Following a steep decline in natural gas prices, the Energy Research Council’s (ERC) national benchmark price for an April 2017 electricity contract fell 1.5% last week to $0.0748 per kilowatt hour. The average benchmark price is now 2.2% below where it was a month ago.
The greatest decline in electricity prices last week occurred in Texas (-3.4%), Delaware (-3.0%), and New York (-2.2%). Month over month, the average benchmark electricity price has dropped most significantly in Texas (-7.1%), District of Columbia (-4.5%), and Delaware (-3.5%). The average benchmark price for electricity now ranges from a low of $0.0387/kWh in Texas to a high of $0.1055/kWh in Massachusetts.
February is ending as the warmest since 1950, and above-normal temperatures are forecast for most of March. Although a brief cooling trend has entered the short-term outlook, winter is no longer a factor affecting gas prices. Looking past the shoulder months, it is worth noting that 9 out of the top 10 warmest winters were followed by a hotter-than-normal summer. The current 10-year normal temperature is also near the 8th hottest summer since 1950. Unless another El Nino develops, we could see an abnormally large number of cooling-demand days this summer, which would tighten gas supply/demand going into next winter.
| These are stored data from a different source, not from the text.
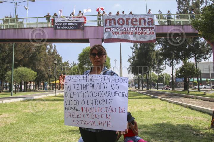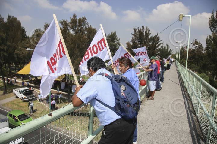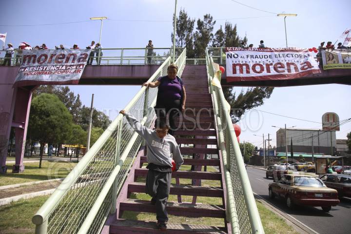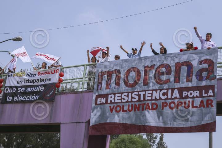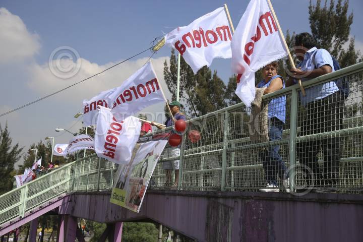 MÉXICO, D.F., 30JULIO2015.- Integrantes de MORENA, encabezados por la candidata a delegada en Iztapalapa, Clara Brugada Molina, realizaron una protesta en puentes peatonales de la demarcación donde colocaron propaganda del supuesto fraude electoral por parte de la candidata del PRD Dione Anguiano. FOTO: SAÚL LÓPEZ /CUARTOSCURO.COM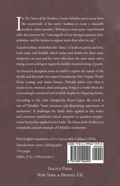 In The Dance of the Necklace, Grazia Deledda moves away from the countryside of her native Sardinia to create a classically modern, urban narrative. Writing in a more spare, experimental style, she uncovers the "vain anguish of our strongest passions: love, ambition, and the instinct to appear more than what we are." A pearl necklace symbolizes the "dance" of jealousy, greed, and love, both erotic and familial, which unites and divides the three main characters: an aunt and her niece who share the same name and a young count seeking to regain his family's bartered string of pearls. An innocent deception turns on itself to explore the nature of the double and the mask: two topoi of modernity. Like Virginia Woolf, Doris Lessing, and Annie Ernaux, Deledda delves into what it means to be a woman, alone and aging, living in a world where she is increasingly unwanted and invisible despite her lingering desires. According to the critic Margherita Heyer-Caput, the novel is one of Deledda's "most conscious and disquieting expressions of modernity." It challenges the labels often applied to this writer and overturns established critical categories to question margin-center hierarchies applied to her work. The Dance of the Necklace is a remarkable and rare example of Deledda's modernism. First English translation of La Danza della Collana (1924). Introduction, notes, bibliography. 124 pages.
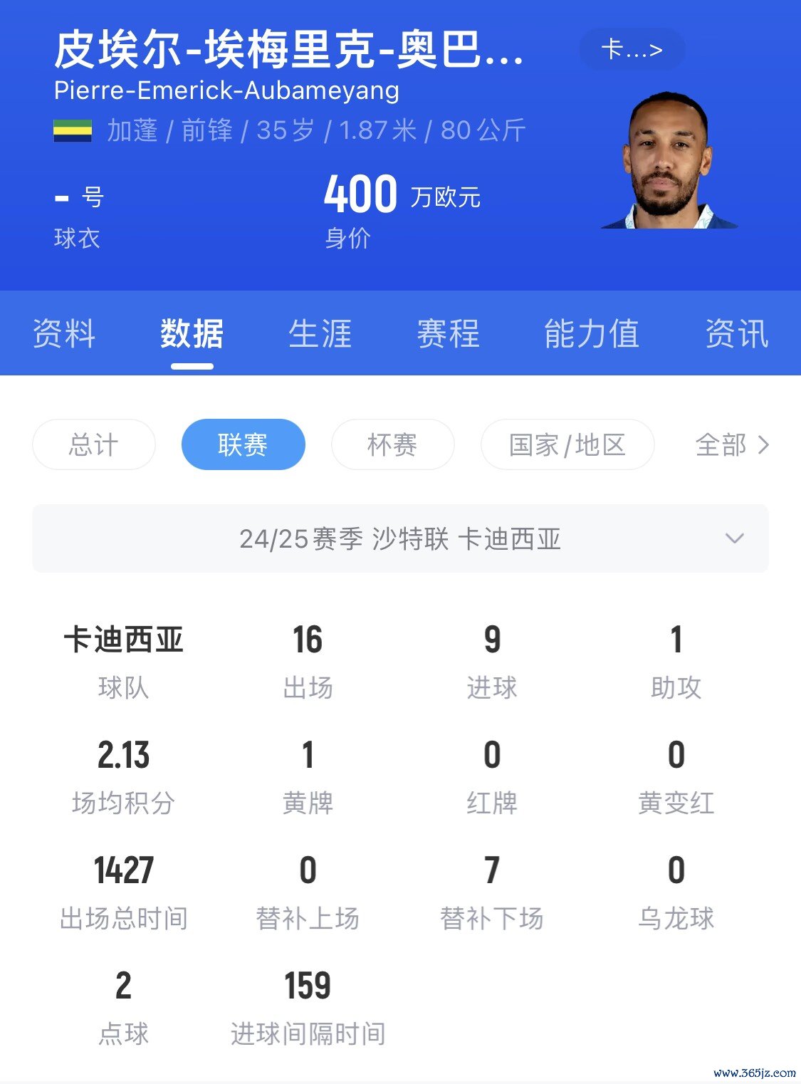 奥巴梅扬转会费900万欧,本赛季于今已在沙特联16场完成9球1助,对眉月绝杀,对得胜打入制胜球,对吉达集会破门。

As mild weather continues, the April 2017 NYMEX natural gas contract dipped below the $2.721/MMBtu support level several times last week. At midday on the 27th, it had again dropped below the $2.70/MMBtu mark to the lowest price point since last April. The 2018-2025 natural gas Calendar Strips are also close to their all-time lows.
Depressed by historically low gas prices, we are seeing the first year-over-year decline in gas production since 2005. Prolific Marcellus/Utica shale gas has been unable to offset production declines in other regions due to inadequate pipeline access into higher priced markets like New England and the Midwest. Nine new pipeline projects should begin to alleviate this problem and increase production toward the end of this year.
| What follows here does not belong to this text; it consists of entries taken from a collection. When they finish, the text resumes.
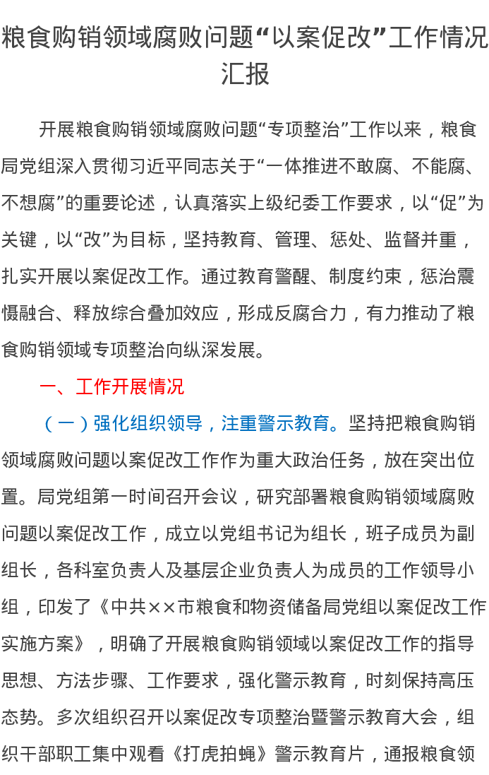 粮食购销领域腐败问题“以案促改”工作情况汇报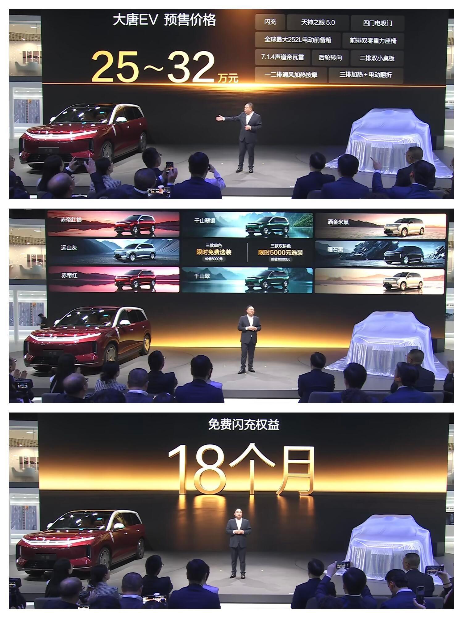 比亚迪大唐EV预售价公布,25万至32万,纯电版有800km后驱、950km后驱和850km四驱三个版本。比亚迪唐
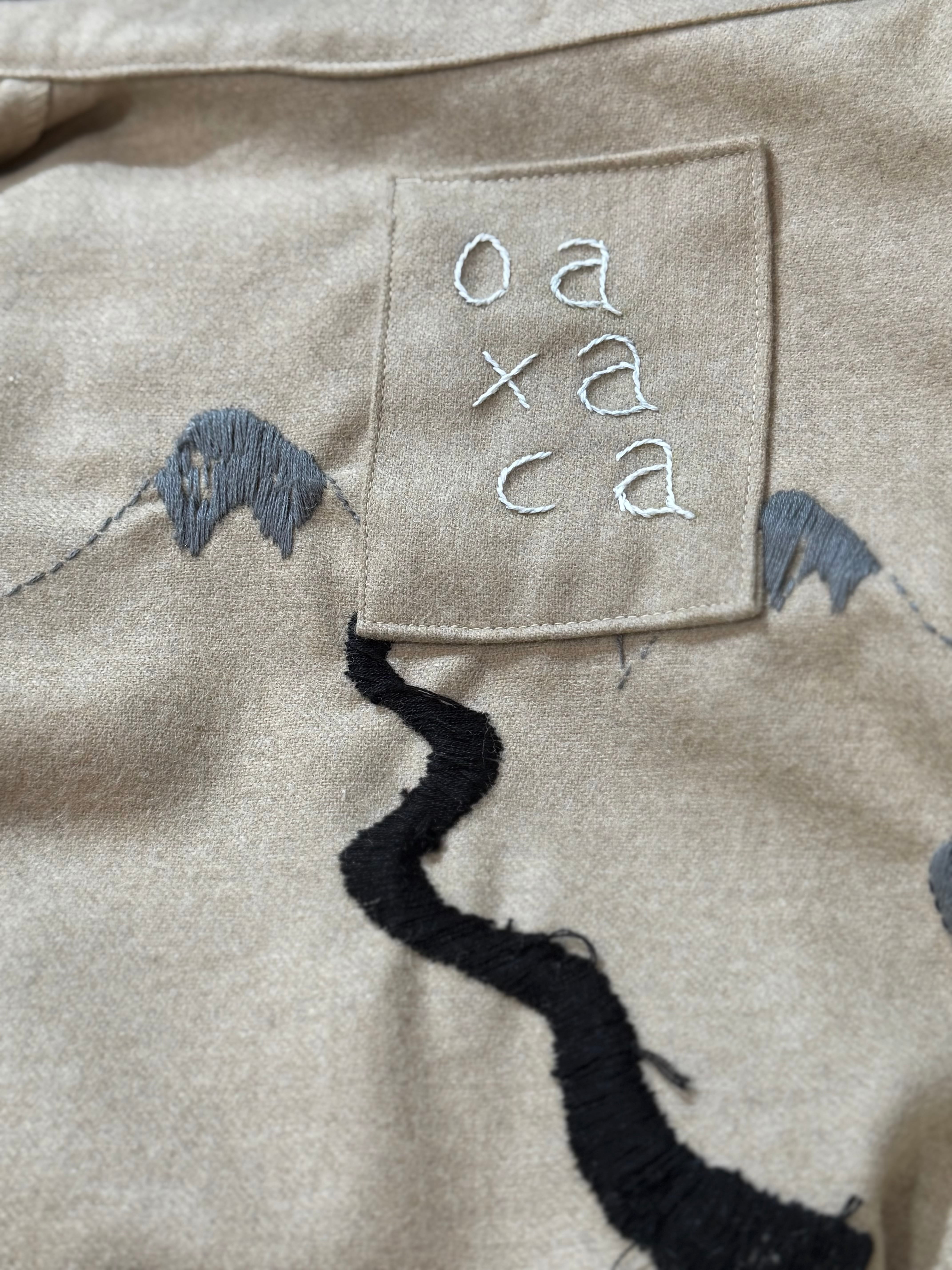 ボディは日本の尾州産のウールフランネル(ウール90%、ナイロン10%)をボタンのない羽織り仕様で日本で仕立て、メキシコのオアハカで手刺繍により装飾されています。

On the demand side of the equation, gas exports are projected to make up an increasing proportion of gas consumption going forward. Gas exports to Mexico have doubled since 2009 and are forecast to continue rising through at least 2020 as pipeline projects currently under construction are completed. By the end of 2017, twelve new natural gas pipelines are expected to be placed in service. In addition, power plant operators are expected to install 1,990 MW of new combined cycle natural gas power.
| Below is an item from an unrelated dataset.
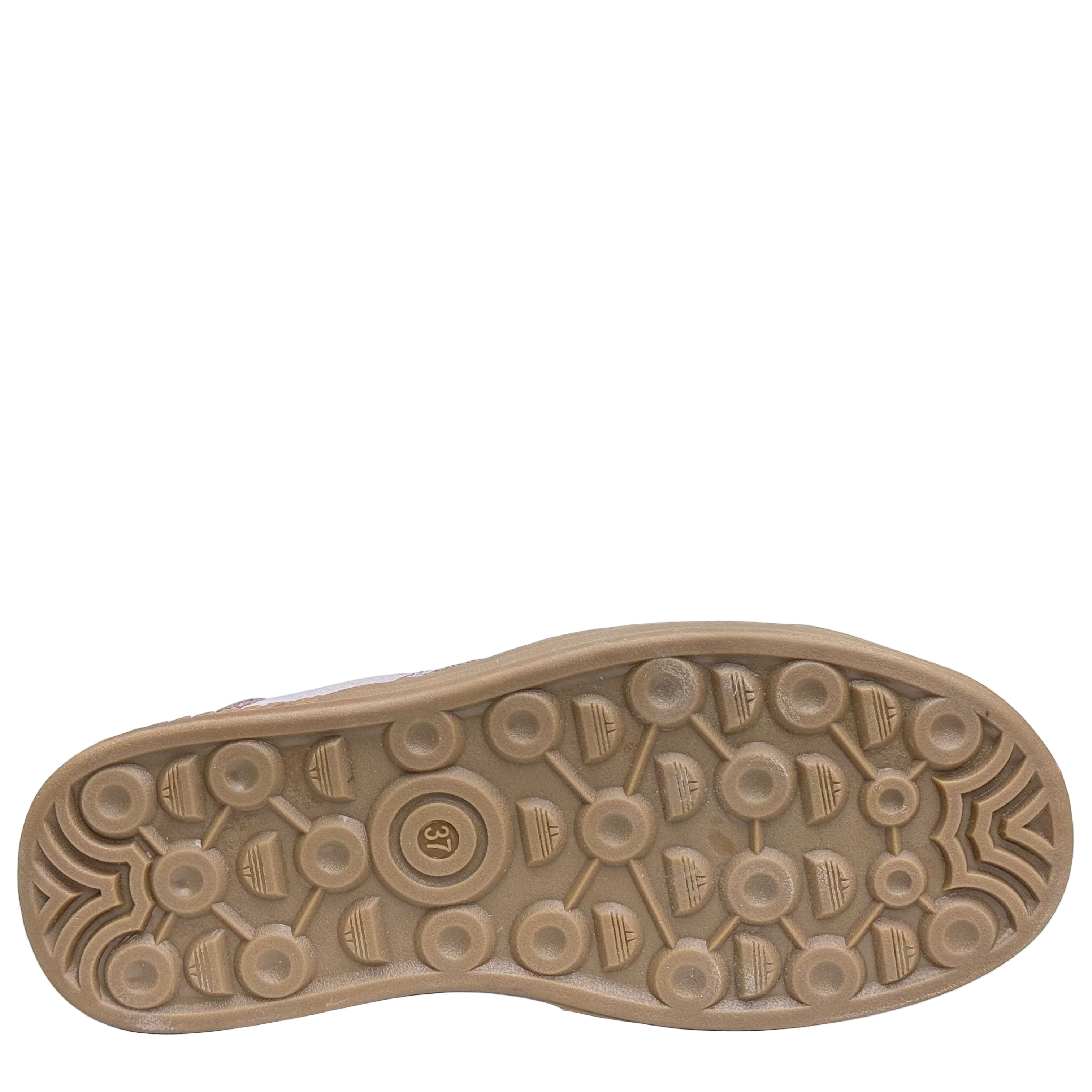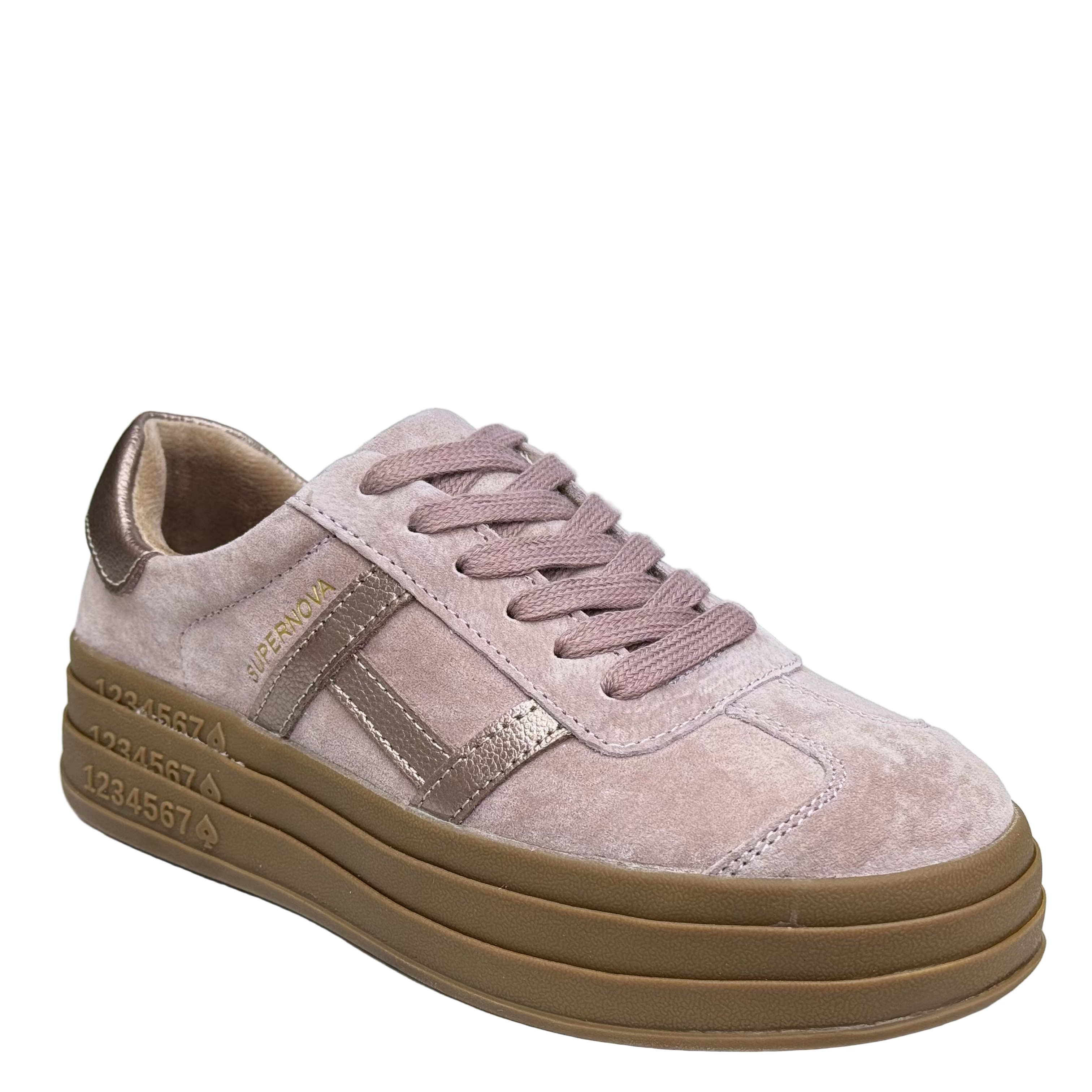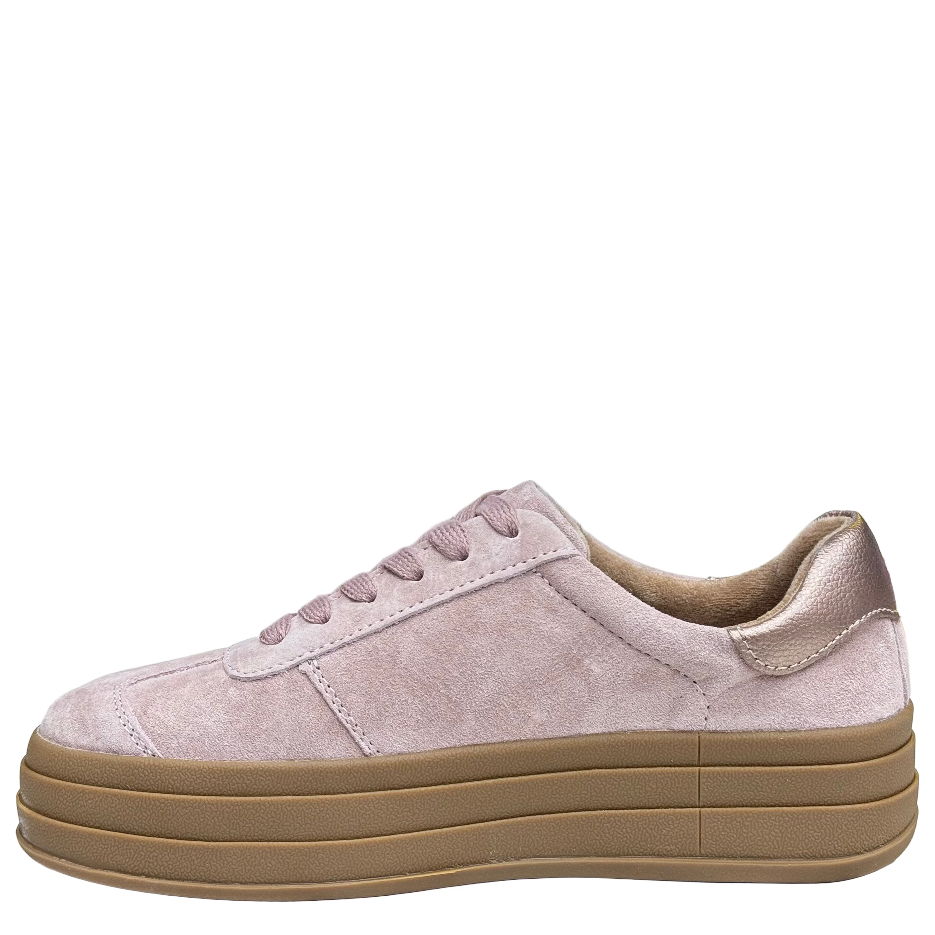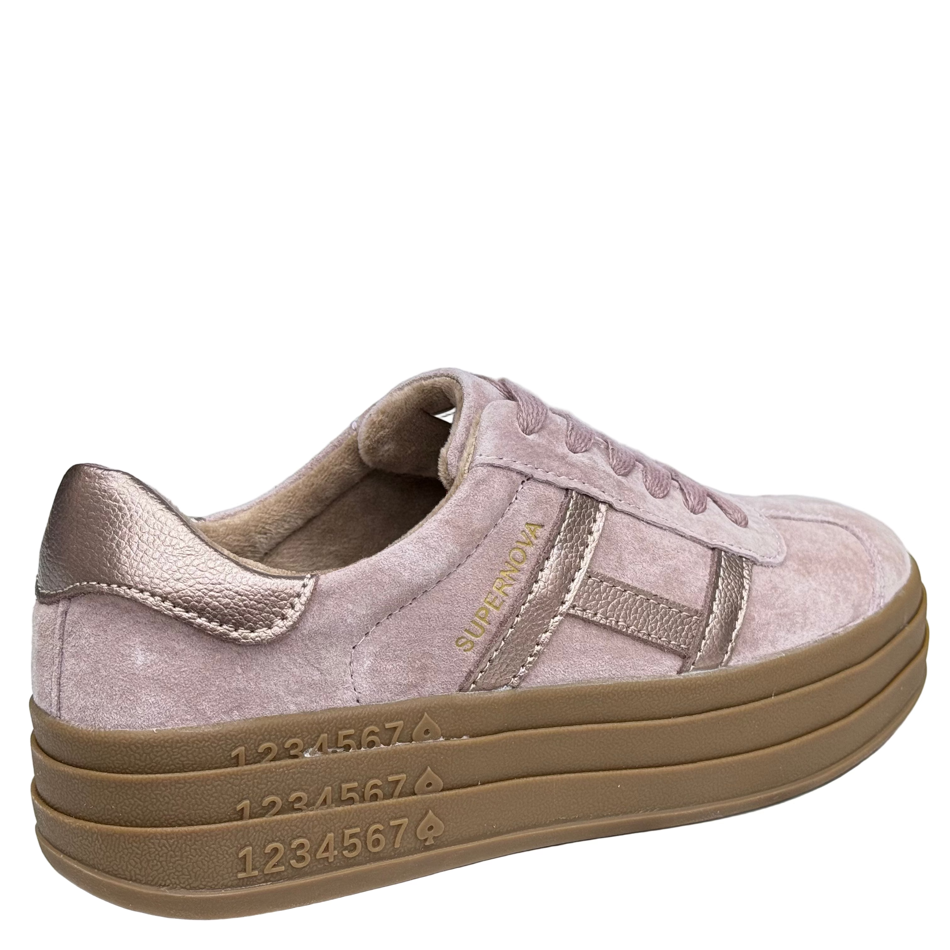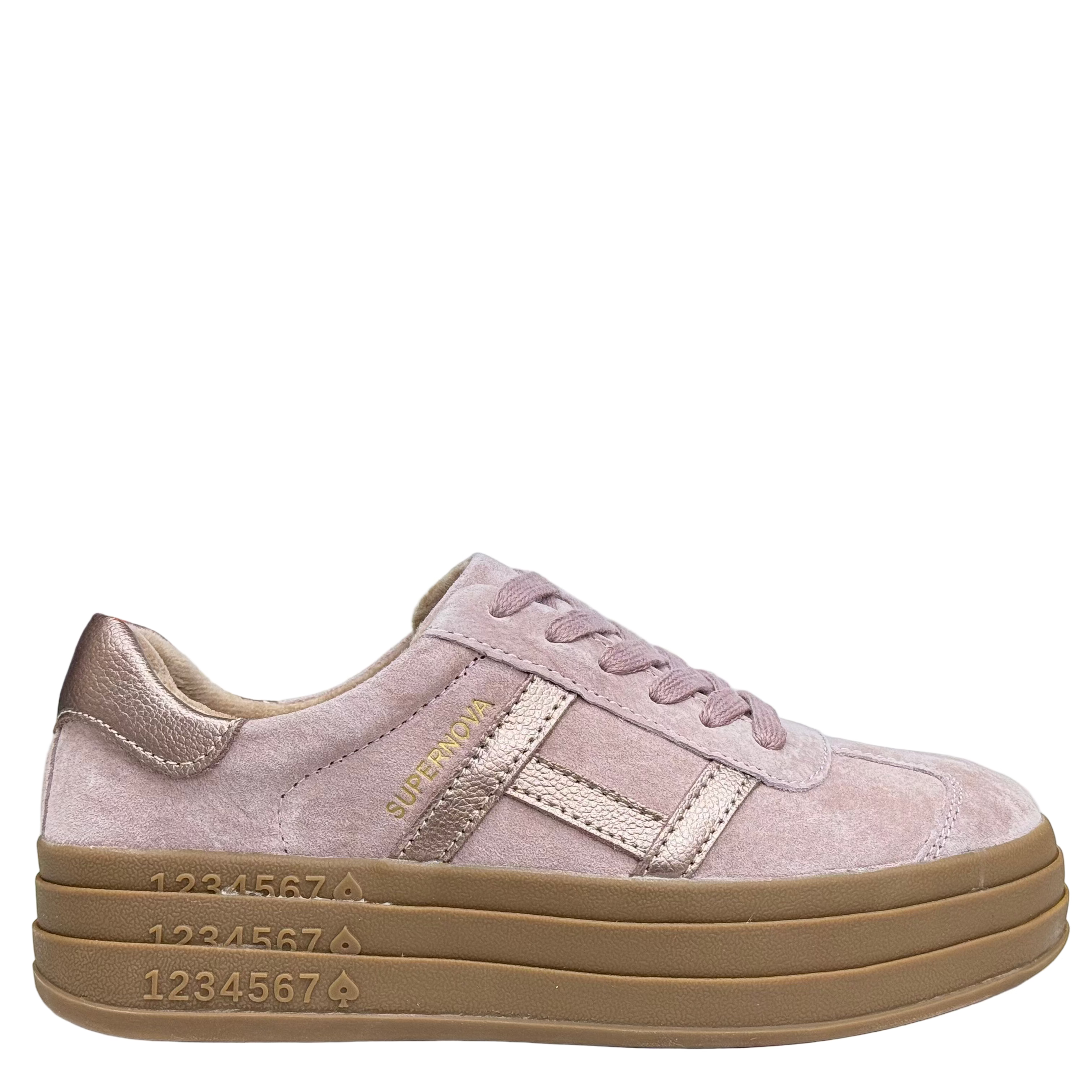 Drilleys Womens Sixty Eight Trainers in Pink Daisy. Faux suede leather upper in dusky pink with rose gold detailing. Layered gum sole.

In addition to Mexico, LNG exports are expected to expand rapidly over the next several years. By 2021, Sabine Pass and Cove Point (MD) will be joined by three other LNG export facilities with an operational export capacity of 9.2 billion cubic feet per day. As a result, LNG exports are expected to see an increase of 8.9 Bcf/d by 2020, up from roughly 2 Bcf/d currently.
James Moore, Ph.D., is CEO of the Energy Research Council (ERC). He has been CEO of several research companies, including TDC, a subsidiary of International Thomson; Highline Financial, a Thomson-Reuters company; and Mentis Corporation, which was acquired by Gartner Group. He has also served as Executive Director of The Global Futures Forum, an international think tank, and as Managing Director of Gartner Group’s Global Financial Services practice.
* ERC electricity price benchmarks are derived by: 1) aggregating daily matrix prices issued by many electricity suppliers across General Service tariff rate classes for each electric utility; 2) averaging each utility’s price benchmark together for a state-level benchmark; and 3) averaging state-level benchmarks across five business days to create weekly average price benchmarks, based on next month’s start date, for commercial customers with an annual usage of up to one million kWh. The high level of correlation between matrix and custom pricing makes ERC price benchmarks a reliable measure of how prices are trending, and the direction and velocity at which prices are changing week-over-week and month-over-month. This is similar to how the S&P and Dow measure the rate and direction of change in stock market prices over time.